The absorbed dose rate is shown in Table 2. The absorbed dose rate varied from 79.2 ± 5.2 nGyh−1 to 150.8 ± 6.1 nGyh−1, with a mean value of 118.1 ± 7.7 nGyh−1. The absorbed dose rate is higher than the world average of 60 nGyh−1 [39], suggesting a slightly elevated level of radiation exposure in the study area compared to global norms. The high concentrations are explained by the fact that the soil samples came from farms that continuously apply fertilizers to increase crop yields. The use of phosphate-based fertilizers, for example, contribute to elevated levels of uranium and thorium in agricultural soils, thereby influencing absorbed dose rates.

3.2.3 The annual effective dose rate

The calculated annual effective dose rate is shown in Table 2. It varies from 0.39 ± 0.03 mSvy−1 to 0.72 ± 0.03 mSvy−1, with an average value of 0.58 ± 0.03 mSvy−1. It is below the recommended dose limit of 1 mSvy−1, indicating that the potential radiation exposure to individuals from the soil samples is within acceptable levels, thus posing minimal health risks.

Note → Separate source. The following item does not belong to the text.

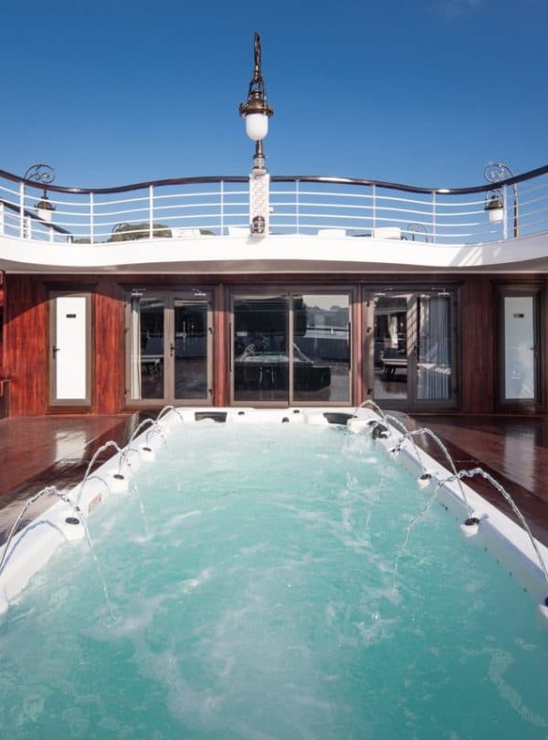 A larger 5-star vessel with expansive decks, open-air Jacuzzi space, refined Asian-European cuisine, live music, spa lounge, and polished service.

3.3 Internal (Hin) and external (Hex) hazard indices

The internal and external hazard indices is shown in Table 2. The average values for internal and external hazard indices are 0.79 ± 0.04 and 0.66 ± 0.04 respectively. These values are less than 1, which implies that exposure to radiations in the area is negligible. This is reassuring for the safety of individuals residing or working in the vicinity of the wheat plantation areas in Kapchorwa District.

3.4 Gamma (Iγ) and alpha (Iα) indices

The values of gamma and alpha indices obtained from the activity concentration of radium, thorium and potassium are presented in Table 2 for various soil samples analysed. The values of gamma index varied from 0.64 ± 0.05 to 1.16 ± 0.05 with the average value of 0.93 ± 0.05 while the estimated alpha index values varied from 0.11 ± 0.02 to 0.50 ± 0.02 with the average value of 0.25 ± 0.02. All values were less than unity, indicating that the soil samples pose minimal radiological risks from both gamma and alpha radiation sources.

4 Conclusion

In the studied area, the average radium equivalent activity (Raeq) was 246.9 ± 10.4 Bqkg−1. Since this is less than the 370 Bqkg−1 safe value that is advised, the radiation risks related to the radionuclides that are found in the soil are within acceptable bounds.

The radiation hazard indices were computed based on the measured activity concentrations of 238U, 232Th and 40K in the research area. The average values of the radiation hazard indices Hin and Hex were 0.79 ± 0.04 and 0.66 ± 0.04 respectively. It was discovered that the alpha and gamma indices had average values of 0.25 ± 0.02 and 0.93 ± 0.05, respectively. These values fall short of the unity's crucial value. This suggests that there are no radiation risks present in the soil in the Kapchorwa wheat planting area.